A segunda aplicação é a simulação dinâmica de cenários. Em vez de rodar uma simulação de Monte Carlo estática com faixas fixas de variação, modelos de machine learning podem ser alimentados com dados macroeconômicos em tempo real (inflação, câmbio, indicadores de atividade, preços de commodities) e ajustar automaticamente as distribuições de probabilidade. Isso significa que a simulação de hoje reflete o cenário de hoje, não o cenário de quando o modelo foi construído há seis meses. Para uma empresa que importa insumos, por exemplo, o modelo pode incorporar automaticamente a alta recente do dólar e ajustar a projeção de custos sem que o gestor precise intervir manualmente.
A terceira aplicação é o monitoramento contínuo de projetos em andamento. Uma vez que o investimento foi feito, a IA pode comparar os resultados reais com as projeções do modelo original e alertar o gestor quando há desvios significativos. Se a receita do primeiro trimestre veio 15% abaixo do projetado, o sistema recalcula automaticamente o VPL esperado e informa se o projeto ainda é viável ou se é hora de reavaliar. Esse tipo de monitoramento proativo evita o erro clássico de continuar investindo num projeto que já deveria ter sido descontinuado simplesmente porque ninguém parou para refazer as contas.
Na MVD, estamos desenvolvendo agentes de IA especializados que fazem exatamente esse tipo de análise. O nosso agente de Custo Efetivo, por exemplo, compara propostas de financiamento, calcula o CET (Custo Efetivo Total) de cada alternativa e mostra visualmente qual opção cria mais valor para a empresa considerando o cenário de juros atual. A nossa visão é que todo gestor de PME deveria ter acesso a ferramentas de análise financeira que antes eram exclusivas de grandes corporações com departamentos inteiros de planejamento financeiro.
Conclusão: Selic alta não é sentença, é filtro
Se você chegou até aqui, já tem uma vantagem significativa sobre a maioria dos gestores brasileiros. Você entende que a Selic não é apenas um número que aparece no noticiário — é o preço do dinheiro que permeia todas as decisões financeiras da sua empresa. Entende que o WACC é o tradutor entre a Selic e o retorno que cada projeto precisa gerar. Entende que o VPL é a ferramenta que diz, sem ambiguidade, se um investimento cria ou destrói valor. E entende que simulações de cenários não são luxo acadêmico, são seguro contra decisões caras.
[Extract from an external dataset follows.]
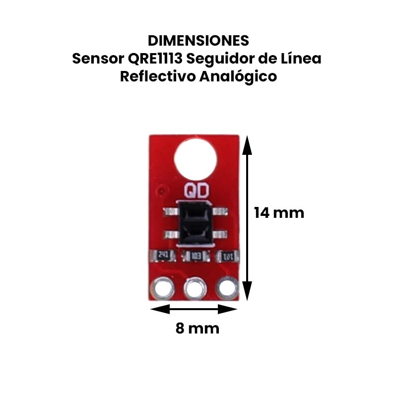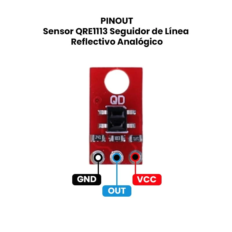 El Sensor QRE1113 cuenta con una salida analógica fácil de usar para usarlo en seguidor de linea reflectivo, que variará dependiendo de la cantidad de luz IR reflejada hacia el sensor.

Selic alta não é sentença de morte para investimentos. É um filtro. Ela mata os projetos medíocres e premia os excelentes. Quando o dinheiro é caro, só os investimentos com retorno robusto sobrevivem. E isso, no longo prazo, é bom para as empresas que fazem a análise correta. Os gestores que entendem a relação Selic, WACC e VPL não param de investir quando os juros sobem. Eles investem melhor. Escolhem os projetos com maior margem de segurança, estruturam os investimentos em fases para limitar o risco, protegem o capital com gestão de tesouraria ativa e usam ferramentas modernas para simular cenários antes de comprometer recursos.
O convite que deixo é direto: calcule o WACC da sua empresa esta semana. Pegue o projeto de investimento mais relevante que está em avaliação e rode o VPL com três cenários de Selic (otimista, base e pessimista). Se o VPL for negativo no cenário base, repense. Se for negativo em todos os cenários, desista sem remorso. Se for positivo até no cenário pessimista, invista com confiança. Essa disciplina analítica, repetida em cada decisão de investimento, é o que separa empresas que crescem de forma sustentável daquelas que crescem rápido e quebram na próxima alta de juros.